Rehabilitation of smell and diet in patients with olfactory loss
Project description
Our senses are pivotal to our perception of the world and our ability to navigate freely. If you lose one of your senses, it may have overwhelming consequences. This also applies if we lose our sense of smell which has considerable effect on our sense of taste. It will be difficult to distinguish raspberries from blackberries, and cinnamon will taste like nothing at all. For many it will affect the joy of eating and also the nutritional status and health.
A small group of patients will be able to train to regain their sense of smell, but it can be difficult to maintain the patients’ motivation for training. In this project the training will be combined with practical cooking with focus on consistency and other factors to heighten the eating experience, even if the sense of smell is gone. The purpose is to improve the nutritional status and the eating experience.
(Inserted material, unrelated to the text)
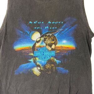 Vintage 1997 Harley Davidson Wolf Bikercore Grunge Faded Muscle Tank/Tee
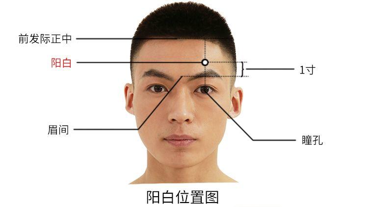 阳白,经穴名。出自《针灸甲乙经》。属足少阳胆经。位于头部,眉上1寸,瞳孔直上。在额肌中,有额动、静脉,布有额神经外侧支。主治前头痛、眼睑下垂、口眼歪斜、目赤肿痛、视物模糊、眼睑瞤动等。平刺0.5-0.8寸。

The project is divided into two parts. One takes place in collaboration with researchers from Copenhagen University. 80 patients with loss of smell will be included, along with 40 healthy persons. It will be examined whether strong tasting ingredients (like chili or horseradish) can be used to activate the memory of a full eating experience and thus increase the motivation to eat.
The other study takes place in collaboration with cooks and researchers from Aarhus University, and cooking school sessions will focus on the importance of the senses for the eating experience and the appetite. At the same time recipes will be developed in collaboration with the participants, and the results will be published to benefit other patients.
This grant is part of the VELUX FOUNDATIONs focus on rehabilitation research.